Chapter1:Fundamental Concepts

Example 1.1 Page No.7

In [3]:
k=9.4              # thermal conductivity in [BTU/hr.ft. ˚Rankine]
q=6.3              # heat flux in [BTU/s. sq.ft]
T1=350             # the outside surface temperature of one aide of the wall [˚F]

Q=6.3*3600         # [BTU/hr.sq.ft]
dx=0.5             # thickness in [inch]
Dx=0.5/12.0          # thickness in [ft]
T2=T1-(Q*Dx/k)     # [˚F]

print"The required temperature on the other side of the firewall is ",round(T2,1),"F"
The required temperature on the other side of the firewall is  249.5 F

Example 1.2 Page No.9

In [9]:
k_ss=14.4    #  thermal conductivity of stainless steel in [W/m.K]
dt_ss=40     # [K]
dt_al=8.65   # [K]
dz_ss=1      # [cm]
dz_al=3      # [cm]

k_al=k_ss*dt_ss*dz_al/(dt_al*dz_ss);# thermal conductivity of Al in [W/m.K]

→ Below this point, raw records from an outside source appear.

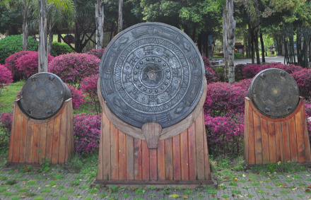 景區(qū)內(nèi)有廣西最大的銅鼓,在鼓面上,鑄造著壯人頂禮膜拜的圖騰——太陽與青蛙,壯人認(rèn)為青蛙是雷神的子女,求雨就要靠青蛙。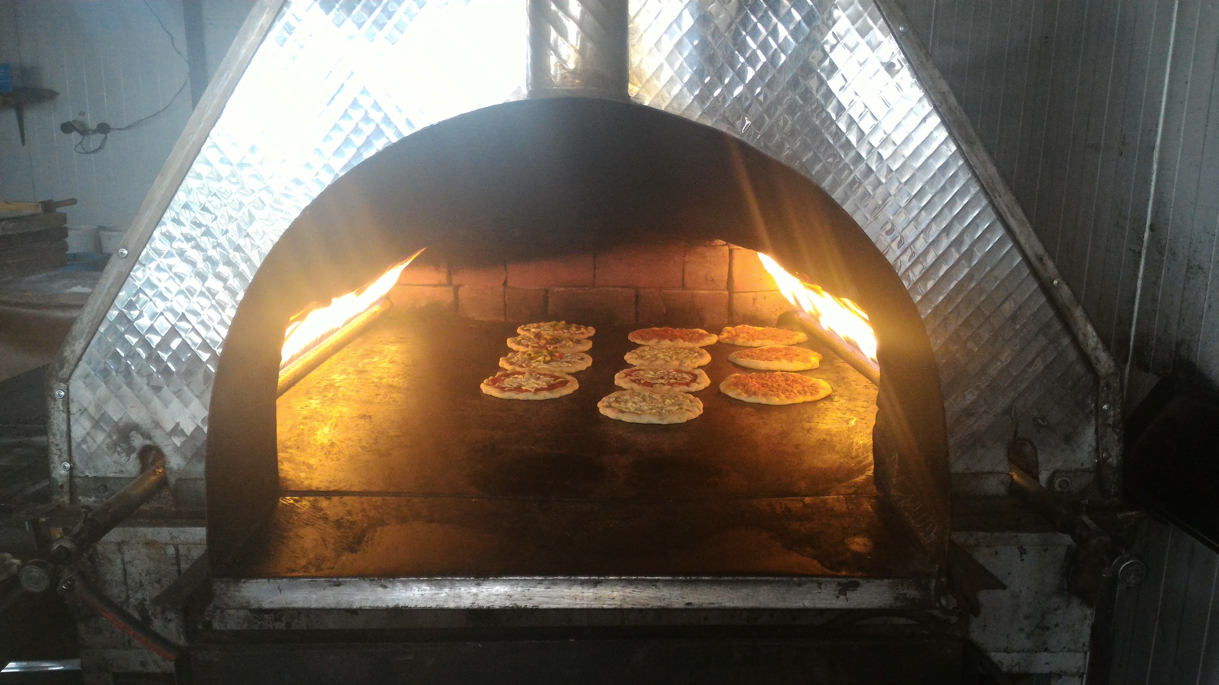 店舗内にある立派な窯で焼くピザは少し冷めてもおいしく、この近所でも人気がある。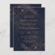 Design de Casamento de Borda Floral de Folha Azul e Rosa marinho Gold com flores desenhadas à mão, Folhas e fundo de aquarela. Um chic e um moderno Procure por um outono ou casamento no inverno, com paleta de cores ousadas: azul Marinho e detalhes de folha falsa ouro rosa. Elementos Florais desenhados à mão, Fonte moderna do Script de tendências - Convites personalizados para casamento! Veja meu compro para ver a suíte de casamento inteira para este design!

print"The thermal conductivity of aluminium is",round(k_al,0),"W/m.K"
The thermal conductivity of aluminium is 200.0 W/m.K

Example 1.3 Page No.13

In [10]:
h_c=3               # convective coefficient in [BTU/hr.ft**2
A=30*18             # Cross sectional area in ft**2
T_w=140             # Roof surface temperature in degree Fahrenheit
T_inf=85           # Ambient temperature in degree Fahrenheit

dT= (T_w-T_inf)
Q_c=h_c*A*dT       # Convective heat transfer in BTU/hr

print"The heat transferred by convection is",round(Q_c,2),"BTU/hr"
The heat transferred by convection is 89100.0 BTU/hr

Example 1.4 Page No.14

In [14]:
D=0.0243            # diameter in meter
L=0.2             # length in meter
A=3.14*D*L           # cross-sectional area in sq.m
cp=4200.0              # specific heat of water in J/kg.K
T_b2=21.4             # temperature of bulk fluid in degree celsius
T_in=20.0             # temperature of inlet water in degree celsius
T_w=75.0              # temperature of wall in degree celsius
Q=500.0              # volumetric flow rate in cc/s
density=1000       # density of water in kg/cu.m

m=Q*density/10**6  # mass flowa rate in kg/s
hc=m*cp*(T_b2-T_in)/(A*(T_w-T_in))

print"The average film conductance is ",round(hc,0),"W/sq.m. K"
The average film conductance is  3503.0 W/sq.m. K

Example 1.5 Page No.18

In [17]:
W=14         # width in ft
L=30.0       # length in ft
A=W*L        # area in ft**2
F_12=1       # view factor assumed to be 1
T1=120+460   # driveway surface temperature  in degree Rankine
T2=0        # space temperature assumed to be 0 degree Rankine

sigma=0.1714*10**(-8)   # value of Stefan-Boltzmann's constant in BTU/(hr.ft**2.(degree Rankine)**4)
e=0.9       # surface emissivity
q=sigma*A*e*F_12*((T1)**4-(T2)**4);

print"The heat loss rate by radiation is ",round(q,0),"BTU/hr"
The heat loss rate by radiation is  73319.0 BTU/hr

Example 1.6 Page No.19

In [21]:
A=420.0              # area in sq.ft
T1=580.0          # driveway surface temperature in degree Rankine
T2=0               # surface temperature assumed to be 0 degree Rankine
Qr=73320             # heat loss rate in BTU/hr

hr=Qr/(A*(T1-T2))  # radiation thermal conductance in BTU/(hr.ft**2.(degree Rankine)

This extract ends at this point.